A bootleg is called to confuse the defense, by moving the quarterback away from where they expect him to be, directly behind the center. The quarterback's motion may also attract the attention of the defensive backs, allowing one of the receivers to become uncovered. The play is typically used by teams with mobile quarterbacks, such as Steve Young, Randall Cunningham and Russell Wilson.

Additional variations can be combined with bootleg plays. In the West Coast offense variant designed around quarterback Michael Vick, counter techniques combined with play action bootleg plays served to provide several types of simultaneous misdirection which caused defensive players to freeze after often misjudging the intended direction of the play. These techniques, along with Vick's unusual athleticism, slowed down and isolated defenders and provided extra space and time for the quarterback to survey the field and/or run the ball.
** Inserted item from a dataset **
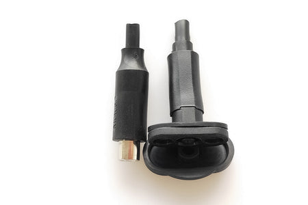 This is the battery connector with single main power wire,this connector is used for charging battery.The battery connector with gold surface on the pins makes sure the efficient current transportation.This connector plug-in&out can be 10000 times which is compatible with battery long using life.The charging connector connector is an ideal choice for 10A battery charging.

The bootleg and its variants have become more common in recent years as the rules have been changed to permit a quarterback to avoid a sack by throwing the ball away once they are outside the "tackle box". Since the quarterback in a bootleg usually sets up to throw well outside the tackles, if he is in danger of taking a sack, he can throw the ball safely out of bounds without risking an intentional grounding penalty.

The name comes from the fact that on a play action the quarterback often hides the ball from the defense by his thigh to make the run look more convincing. This is similar to the way bootleggers would hide whiskey in their trousers during Prohibition.

Pop Warner is given credit for inventing the bootleg play.